International career
- Years: Team / Apps / (Points)
- 1997–2009: Ireland / 92 / (40)
- 2000–2010: Barbarians / 4 / (5)
- 2001, 2005: British & Irish Lions / 0 / (0)
- Correct as of 4 June 2010

= Malcolm O'Kelly =

Irish rugby union player

Malcolm O'Kelly (born 19 July 1974) is an Irish former rugby union player who played as a lock for Ireland and Leinster.

O'Kelly was born in Chelmsford, England, and attended Templeogue College secondary school in Dublin, Ireland. He has played for the Barbarians FC three times, wearing his old school socks. O'Kelly completed a B.A. in Engineering at Trinity College, Dublin between 1992 and 1996.
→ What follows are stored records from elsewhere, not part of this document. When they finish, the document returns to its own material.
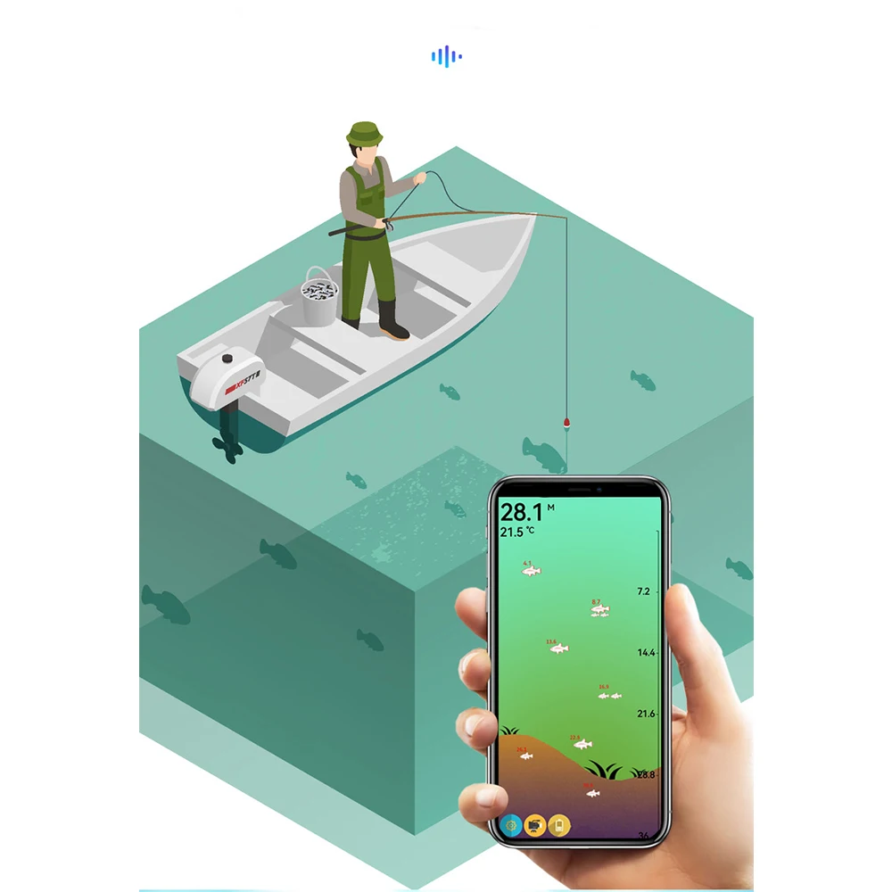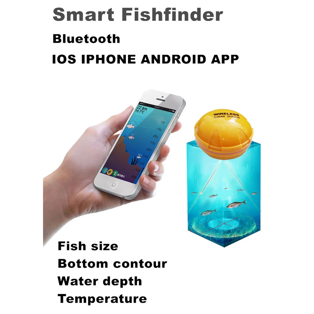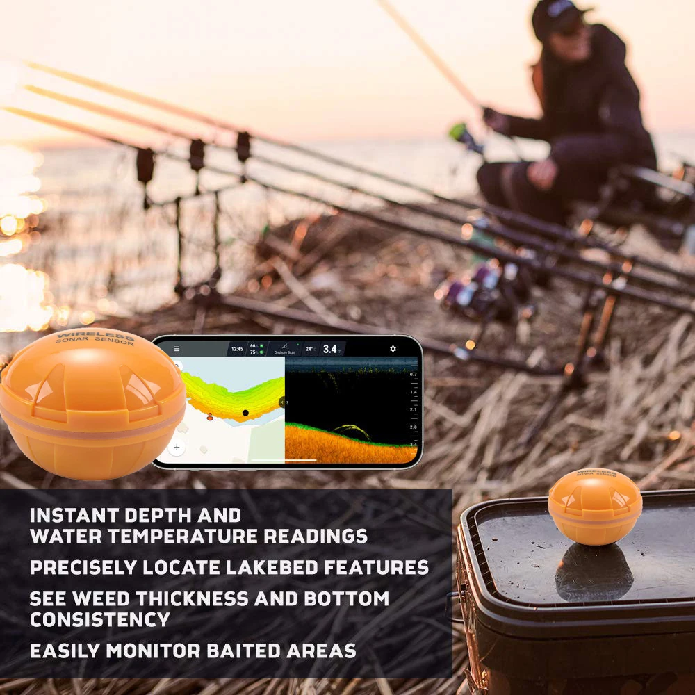 works in conjunction with smart phones and tablets, detection data is transmitted to the phone in real time, allows you to map water beds, mark spots, log water temps and depth, add lures, species and video in the trip log.
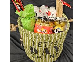 Everything you need for the ultimate brunch cocktail! Includes BuzzBox Bloody Mary mix, bamboo skewers, a pint glass, Jack Link's sausage sticks, Famous Dave's pickles, and pearl pimento olives. Mix, garnish, sip, and enjoy-let's day drink.
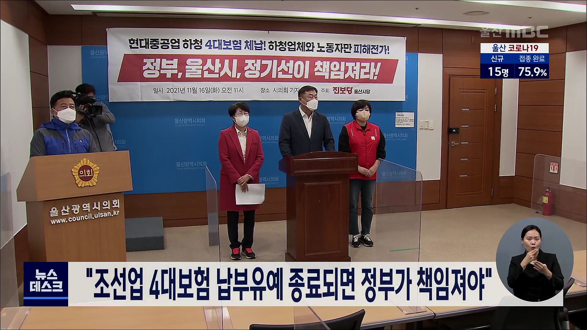 동구 고용위기지역 지정으로 조선업 하청업체들이 현재 받고 있는 4대 보험 납부유예 조치를 정부가 책임져야 한다는 주장이 나왔습니다. 진보당 울산시당은 올해 말 동구가 고용위기지역 지정에서 해제될 경우 그 동안 유예됐던 4대보험 체납분이 한꺼번에 하청업체와 노동자들에게 강제징수된다며 현대중공업과 정부, 울...

The 6 ft 8 in O'Kelly, who made his international début in 1997 against New Zealand, became a talisman of the Irish side and became Ireland's most capped player, surpassing Mike Gibson, when he started the 2005 Six Nations fixture against Scotland. He not only earned his 70th cap, but scored Ireland's first try in the match, giving them a lead they never relinquished. O'Kelly's final total of 92 caps was surpassed in 2009 by John Hayes.

O'Kelly also played with the British & Irish Lions on their tour to Australia, and had been named in the Lions squad for their 2005 tour of New Zealand, but aggravated a groin injury in training and was replaced by Simon Shaw. He has five Lions caps.

At the end of the 09/10 season, O'Kelly announced his retirement from professional rugby. He is the only player in the Heineken cup to have played since the start of the competition – 15 years. He has won a grand slam, the Heineken cup, the Magners League(3) and 4 Triple Crowns: he is also Ireland's third most capped second row. As well as that, he is a two time British and Irish Lion.

O'Kelly is a supporter of the children's charity Plan Ireland and is a committee member of the rugby sevens club, Shamrock Warriors RFC.